Task details:
Copy out the entries word for word, leaving images aside.

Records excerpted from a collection
————
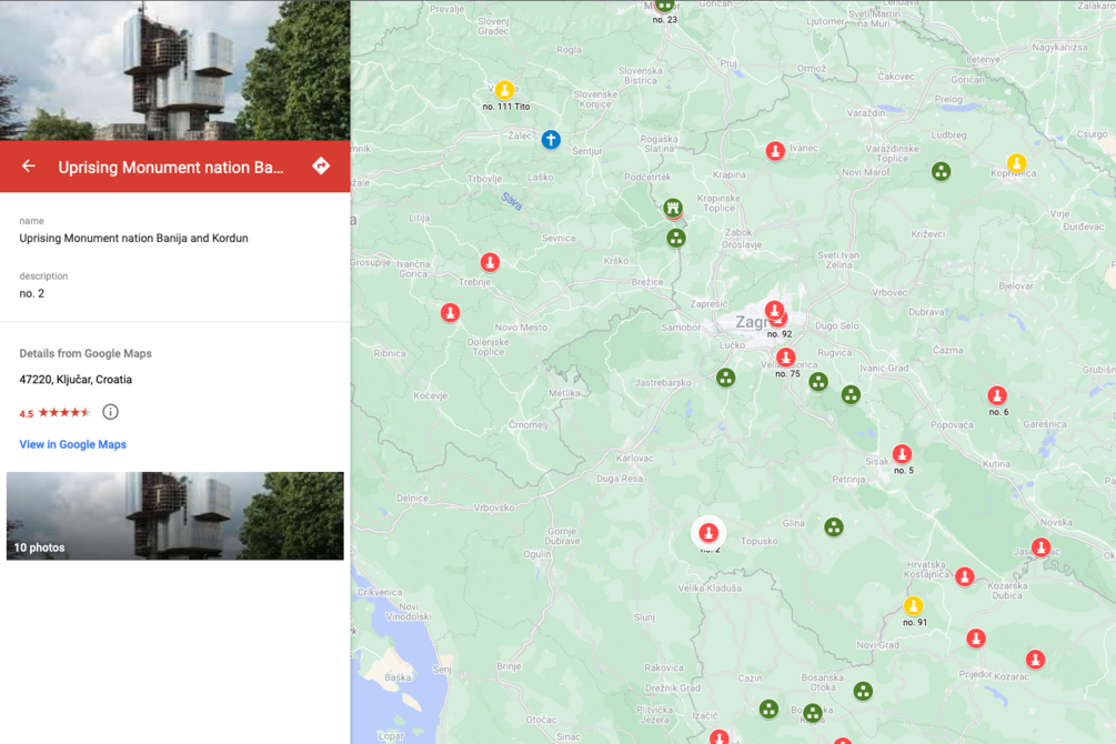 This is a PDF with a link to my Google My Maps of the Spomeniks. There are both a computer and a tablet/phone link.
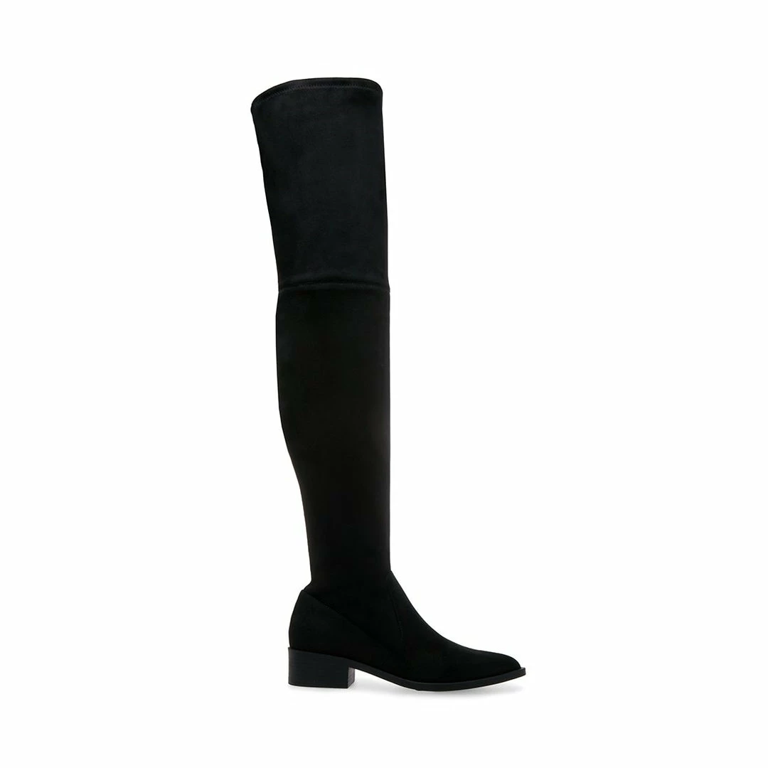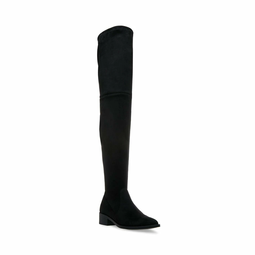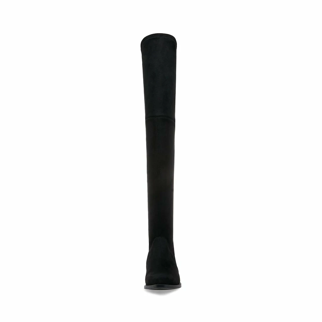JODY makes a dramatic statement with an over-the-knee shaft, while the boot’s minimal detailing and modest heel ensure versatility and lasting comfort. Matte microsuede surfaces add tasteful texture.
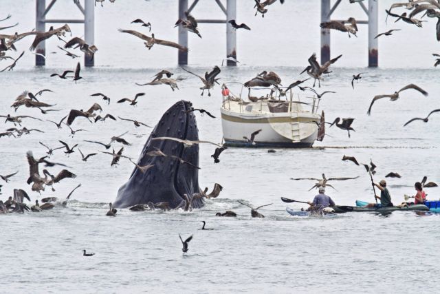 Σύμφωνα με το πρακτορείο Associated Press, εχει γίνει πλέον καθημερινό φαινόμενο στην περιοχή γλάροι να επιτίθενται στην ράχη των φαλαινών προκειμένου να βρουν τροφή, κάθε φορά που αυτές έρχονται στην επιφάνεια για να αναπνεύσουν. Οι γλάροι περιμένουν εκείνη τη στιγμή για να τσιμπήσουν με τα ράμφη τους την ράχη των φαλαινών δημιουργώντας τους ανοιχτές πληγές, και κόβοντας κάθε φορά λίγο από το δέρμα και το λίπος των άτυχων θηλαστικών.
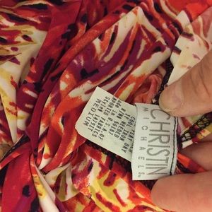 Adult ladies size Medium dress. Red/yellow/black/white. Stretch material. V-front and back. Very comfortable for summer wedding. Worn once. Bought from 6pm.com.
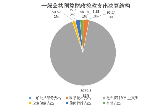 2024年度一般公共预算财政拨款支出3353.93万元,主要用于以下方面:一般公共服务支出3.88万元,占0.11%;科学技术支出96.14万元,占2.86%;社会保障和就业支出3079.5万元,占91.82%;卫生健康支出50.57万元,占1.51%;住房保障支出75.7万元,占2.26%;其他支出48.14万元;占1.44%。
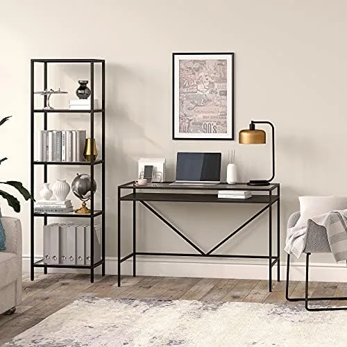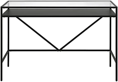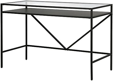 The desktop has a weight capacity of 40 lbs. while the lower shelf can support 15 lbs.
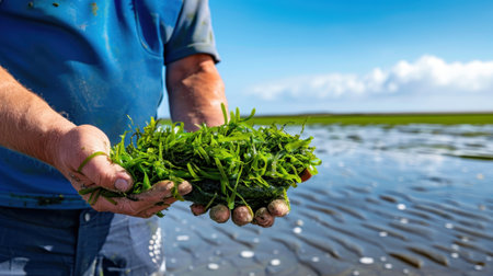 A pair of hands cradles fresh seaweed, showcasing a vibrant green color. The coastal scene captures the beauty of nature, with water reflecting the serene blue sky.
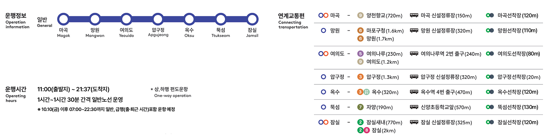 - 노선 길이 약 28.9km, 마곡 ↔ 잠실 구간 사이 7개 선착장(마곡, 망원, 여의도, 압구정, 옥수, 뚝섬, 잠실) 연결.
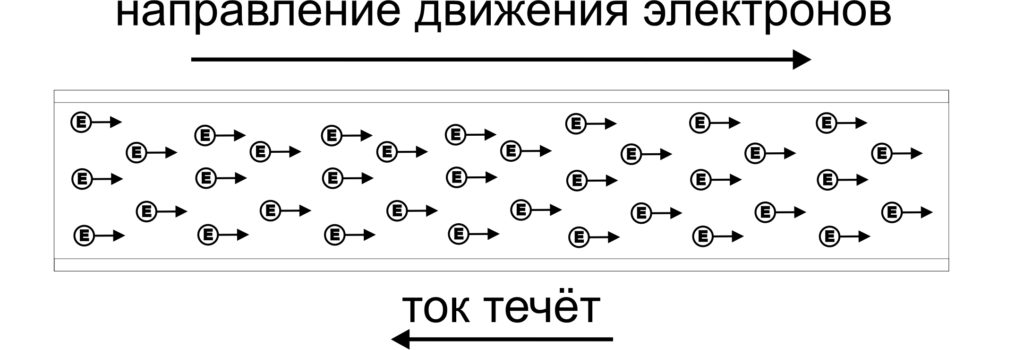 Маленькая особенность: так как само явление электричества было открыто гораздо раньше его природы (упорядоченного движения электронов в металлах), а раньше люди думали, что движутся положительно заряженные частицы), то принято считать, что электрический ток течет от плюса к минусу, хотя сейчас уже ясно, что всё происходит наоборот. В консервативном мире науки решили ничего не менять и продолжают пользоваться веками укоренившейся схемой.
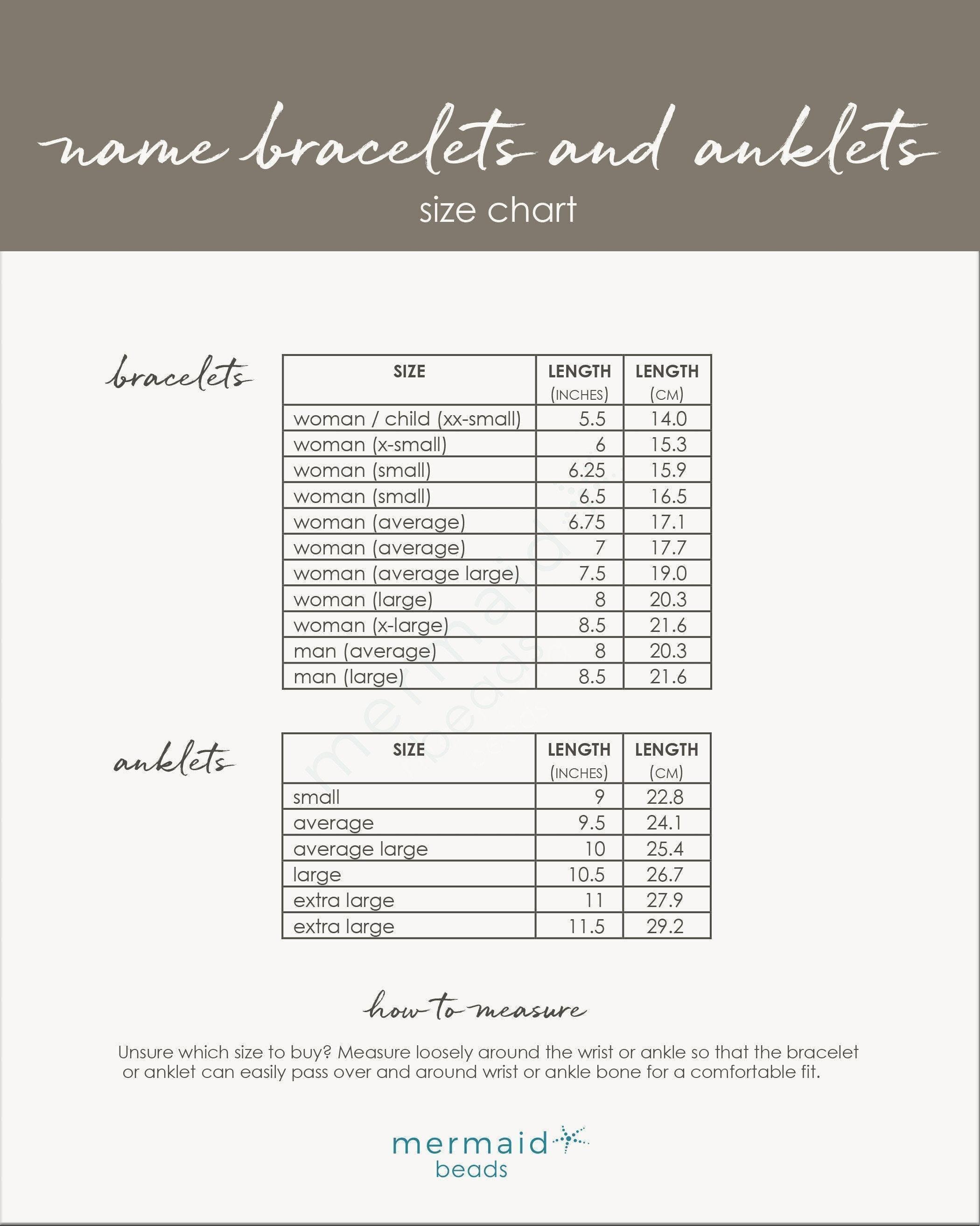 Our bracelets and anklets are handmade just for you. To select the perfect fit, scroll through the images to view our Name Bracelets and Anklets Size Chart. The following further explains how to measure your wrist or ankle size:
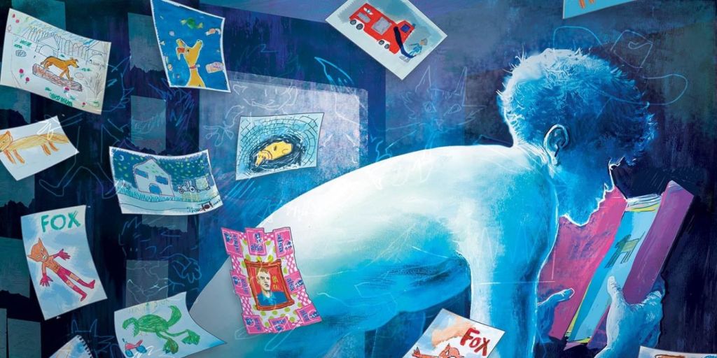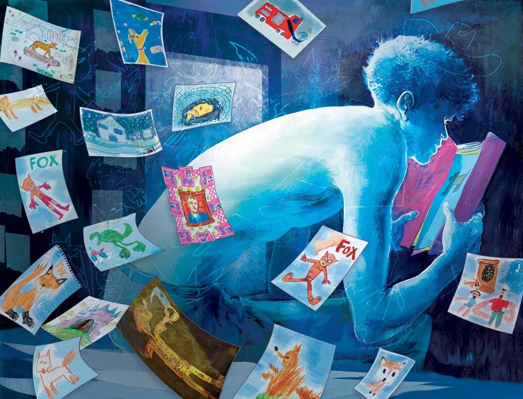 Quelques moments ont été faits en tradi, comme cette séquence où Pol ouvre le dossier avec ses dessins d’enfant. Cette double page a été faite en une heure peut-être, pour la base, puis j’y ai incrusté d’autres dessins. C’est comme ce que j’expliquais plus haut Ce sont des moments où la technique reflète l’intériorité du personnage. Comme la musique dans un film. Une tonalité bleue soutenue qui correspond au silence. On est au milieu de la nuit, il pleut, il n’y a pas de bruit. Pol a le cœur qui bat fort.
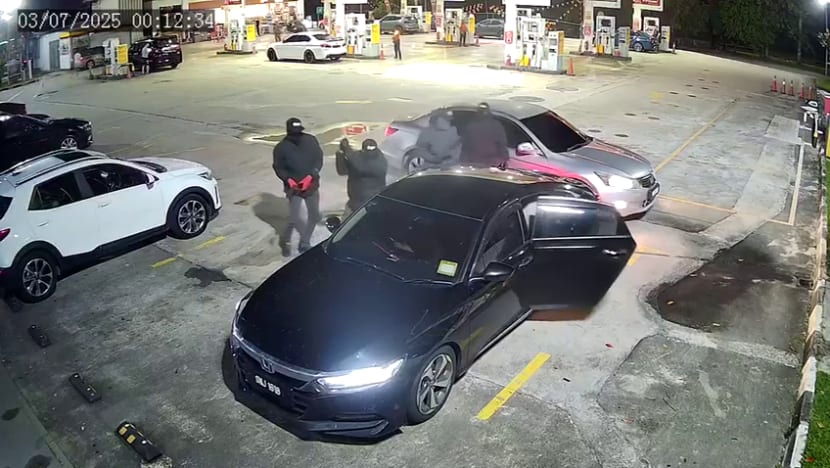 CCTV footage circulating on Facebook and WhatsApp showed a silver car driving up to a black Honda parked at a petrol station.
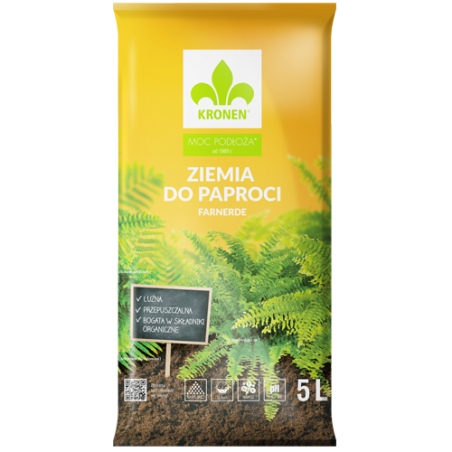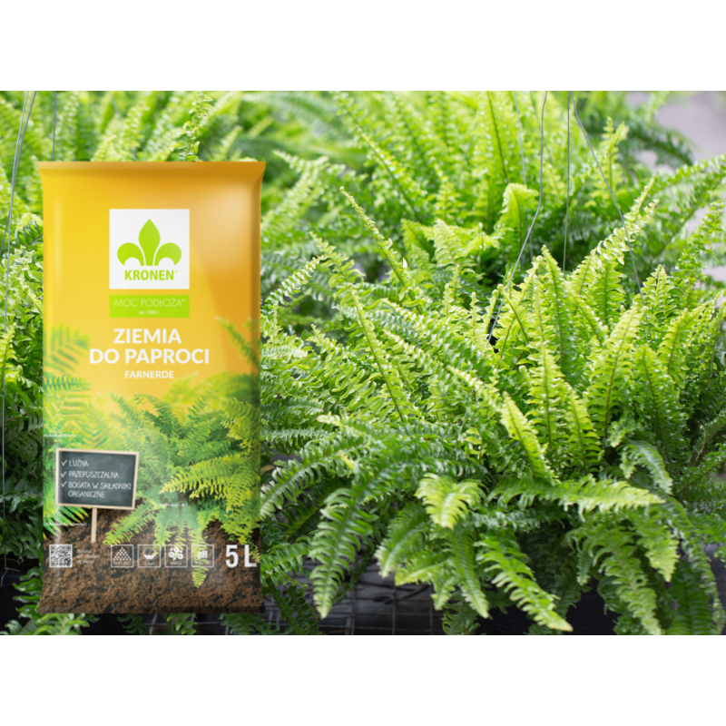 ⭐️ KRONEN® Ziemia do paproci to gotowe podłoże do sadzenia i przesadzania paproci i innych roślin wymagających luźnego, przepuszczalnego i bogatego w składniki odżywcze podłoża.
————
Response to this task:
 This is a PDF with a link to my Google My Maps of the Spomeniks. There are both a computer and a tablet/phone link.
JODY makes a dramatic statement with an over-the-knee shaft, while the boot’s minimal detailing and modest heel ensure versatility and lasting comfort. Matte microsuede surfaces add tasteful texture.
 Σύμφωνα με το πρακτορείο Associated Press, εχει γίνει πλέον καθημερινό φαινόμενο στην περιοχή γλάροι να επιτίθενται στην ράχη των φαλαινών προκειμένου να βρουν τροφή, κάθε φορά που αυτές έρχονται στην επιφάνεια για να αναπνεύσουν. Οι γλάροι περιμένουν εκείνη τη στιγμή για να τσιμπήσουν με τα ράμφη τους την ράχη των φαλαινών δημιουργώντας τους ανοιχτές πληγές, και κόβοντας κάθε φορά λίγο από το δέρμα και το λίπος των άτυχων θηλαστικών.
 Adult ladies size Medium dress. Red/yellow/black/white. Stretch material. V-front and back. Very comfortable for summer wedding. Worn once. Bought from 6pm.com.
 2024年度一般公共预算财政拨款支出3353.93万元,主要用于以下方面:一般公共服务支出3.88万元,占0.11%;科学技术支出96.14万元,占2.86%;社会保障和就业支出3079.5万元,占91.82%;卫生健康支出50.57万元,占1.51%;住房保障支出75.7万元,占2.26%;其他支出48.14万元;占1.44%。
 The desktop has a weight capacity of 40 lbs. while the lower shelf can support 15 lbs.
 A pair of hands cradles fresh seaweed, showcasing a vibrant green color. The coastal scene captures the beauty of nature, with water reflecting the serene blue sky.
 - 노선 길이 약 28.9km, 마곡 ↔ 잠실 구간 사이 7개 선착장(마곡, 망원, 여의도, 압구정, 옥수, 뚝섬, 잠실) 연결.
 Маленькая особенность: так как само явление электричества было открыто гораздо раньше его природы (упорядоченного движения электронов в металлах), а раньше люди думали, что движутся положительно заряженные частицы), то принято считать, что электрический ток течет от плюса к минусу, хотя сейчас уже ясно, что всё происходит наоборот. В консервативном мире науки решили ничего не менять и продолжают пользоваться веками укоренившейся схемой.
 Our bracelets and anklets are handmade just for you. To select the perfect fit, scroll through the images to view our Name Bracelets and Anklets Size Chart. The following further explains how to measure your wrist or ankle size:
 Quelques moments ont été faits en tradi, comme cette séquence où Pol ouvre le dossier avec ses dessins d’enfant. Cette double page a été faite en une heure peut-être, pour la base, puis j’y ai incrusté d’autres dessins. C’est comme ce que j’expliquais plus haut Ce sont des moments où la technique reflète l’intériorité du personnage. Comme la musique dans un film. Une tonalité bleue soutenue qui correspond au silence. On est au milieu de la nuit, il pleut, il n’y a pas de bruit. Pol a le cœur qui bat fort.
 CCTV footage circulating on Facebook and WhatsApp showed a silver car driving up to a black Honda parked at a petrol station.
 ⭐️ KRONEN® Ziemia do paproci to gotowe podłoże do sadzenia i przesadzania paproci i innych roślin wymagających luźnego, przepuszczalnego i bogatego w składniki odżywcze podłoża.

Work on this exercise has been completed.